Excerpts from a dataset
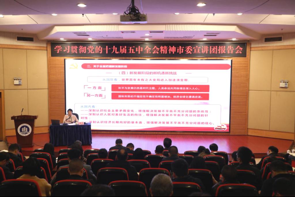 报告会上,薛竹同志围绕习近平总书记在党的十九届五中全会上的重要讲话精神,从全会的基本情况,全面把握新发展阶段,准确领会2035年远景目标和“十四五”时期我国发展的指导方针、主要目标、重点任务,深刻认识构建新发展格局,坚持党的全面领导,动员各方面力量为实现“十四五”规划和2035年远景目标而团结奋斗等五个方面,结合经济社会发展实际情况,结合高等教育改革发展和青年大学生如何与祖国发展同心同向同行,对党的十九届五中全会精神进行了全面准确的宣讲。
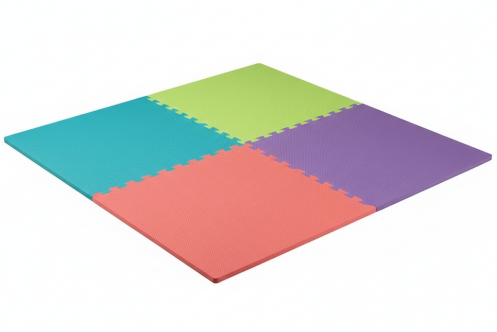 Interlocking foam floor tiles assemble in minutes.
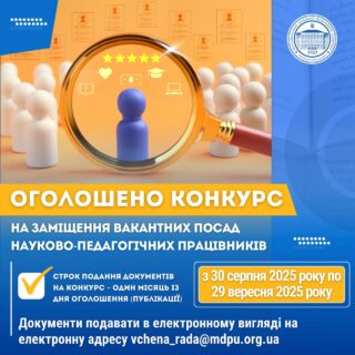 🏛️📣МДПУ імені Богдана Хмельницького оголошує конкурс на заміщення вакантних посад науково-педагогічних працівників з 30 серпня 2025 року по 29 вересня 2025 року!
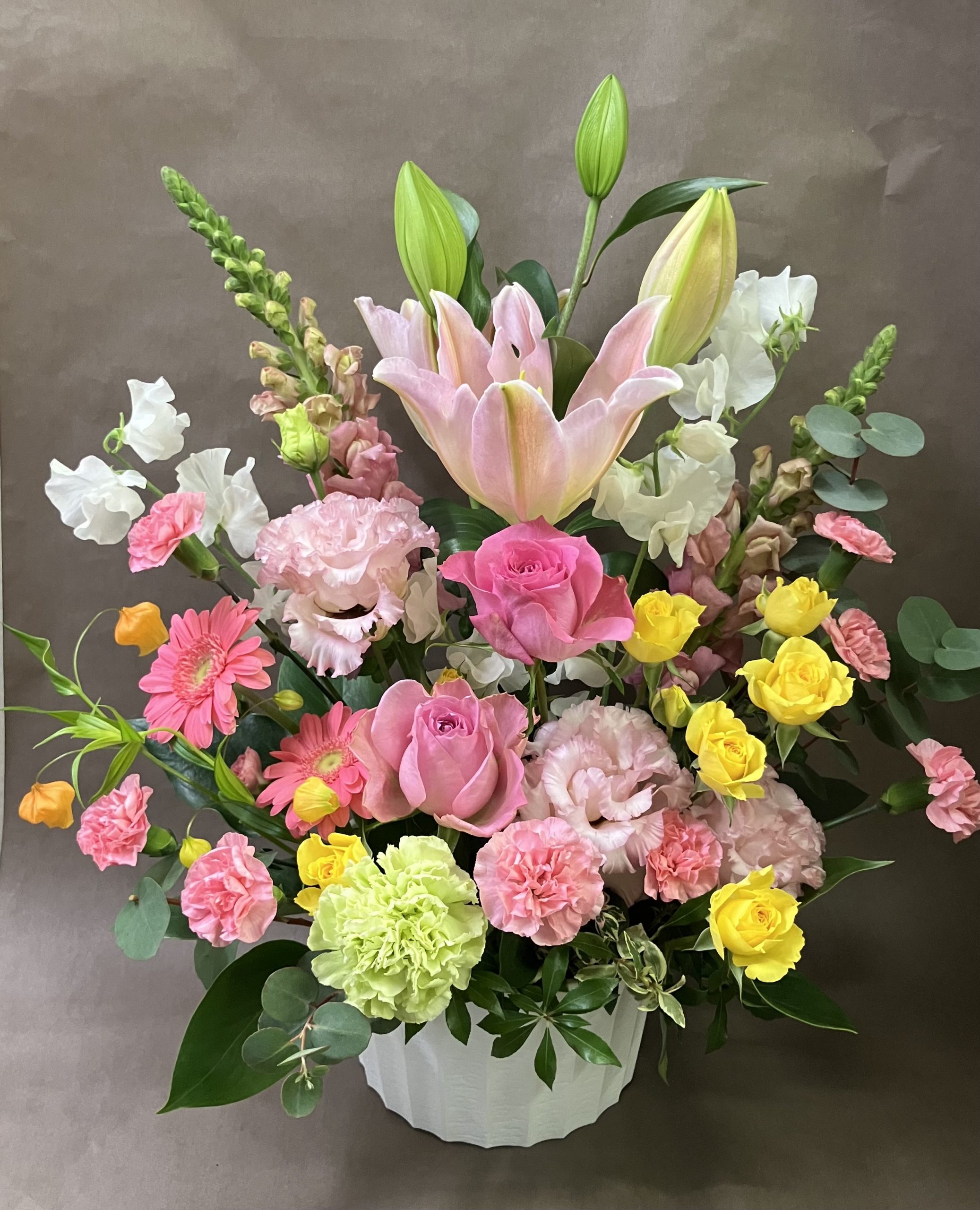 ユリ・バラ・トルコキキョウ・ガーベラ・スイートピーなどで華やかに可愛らしくお作りしてお届けいたしました。
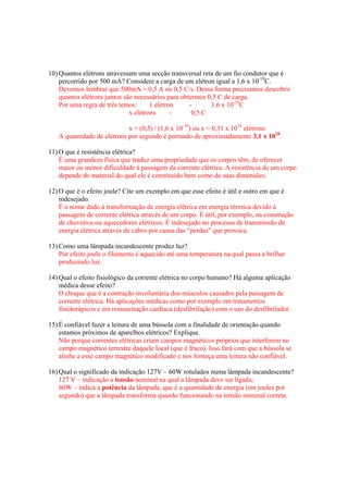 1) O documento é uma lista de exercícios sobre eletrodinâmica básica que contém 20 questões sobre conceitos como carga elétrica, corrente elétrica, condutores, isolantes, resistência e associação de lâmpadas.
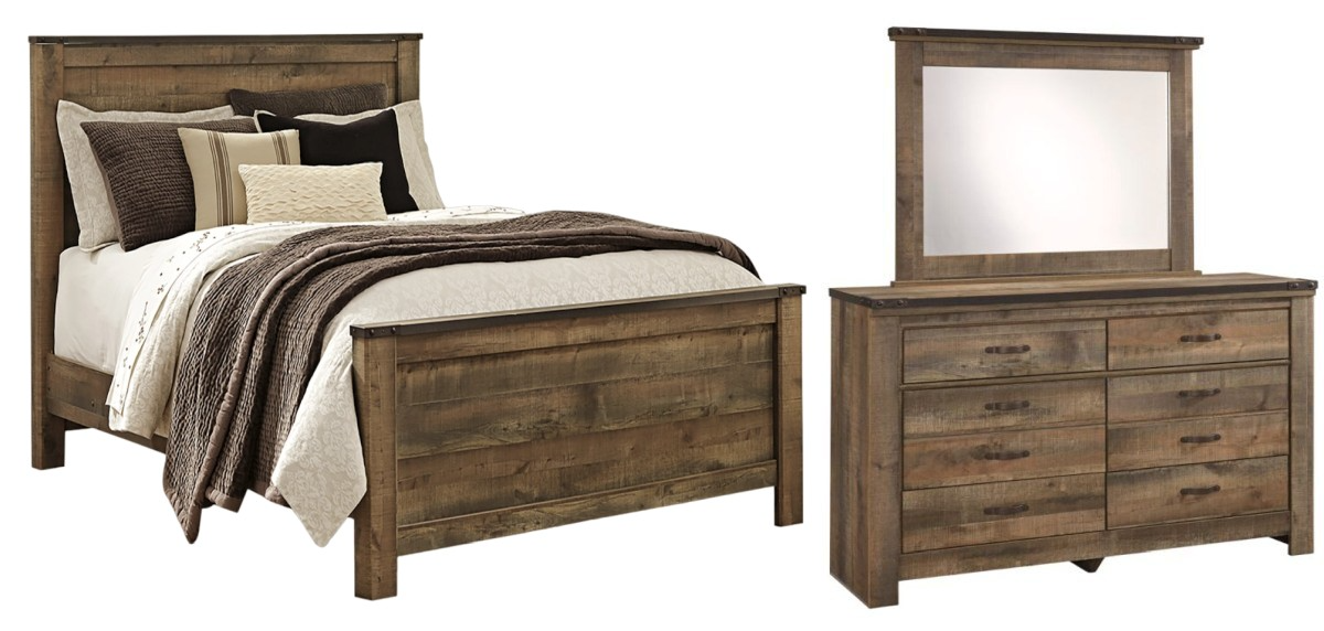 Includes queen bed (headboard, footboard and rails), dresser, and mirror
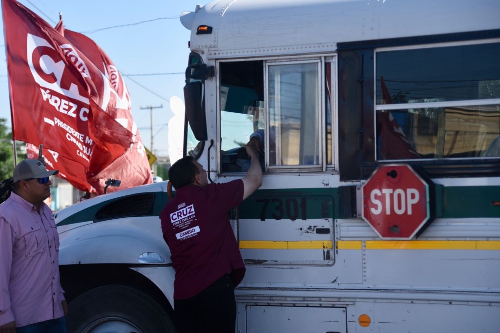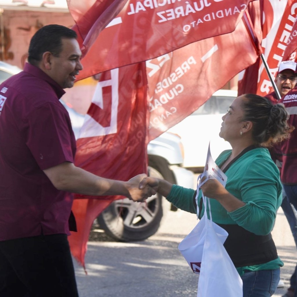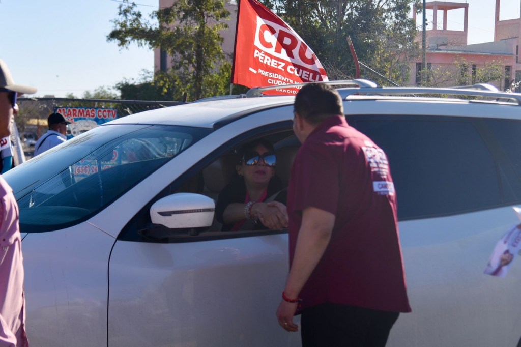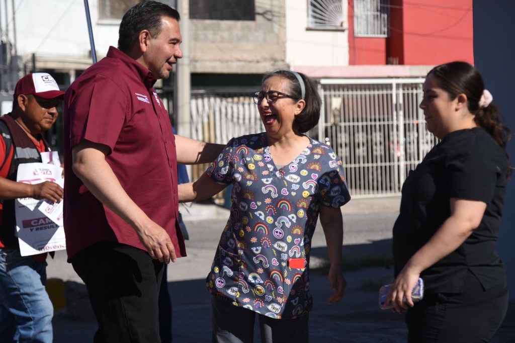 Ciudad Juárez.– Cruz Pérez Cuéllar, candidato a la presidencia municipal por la coalición Morena-PT, recorrió la colonia ampliación aeropuerto para continuar su cercanía con la población y llevarles sus propuestas.
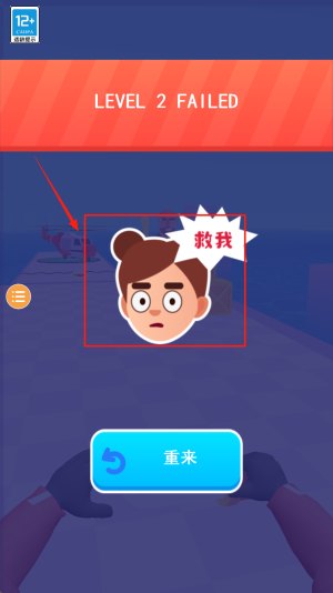 1、关卡失败怎么办?点击“重来”按钮即可重新挑战第2关,继续游戏。

How to complete this task:
No pictures belong in the copy. Retype exactly, and only, the lines from the line containing "Ciudad Juárez.– Cruz" through the last line of the data, both included.

Reply to the task:
 Ciudad Juárez.– Cruz Pérez Cuéllar, candidato a la presidencia municipal por la coalición Morena-PT, recorrió la colonia ampliación aeropuerto para continuar su cercanía con la población y llevarles sus propuestas.
 1、关卡失败怎么办?点击“重来”按钮即可重新挑战第2关,继续游戏。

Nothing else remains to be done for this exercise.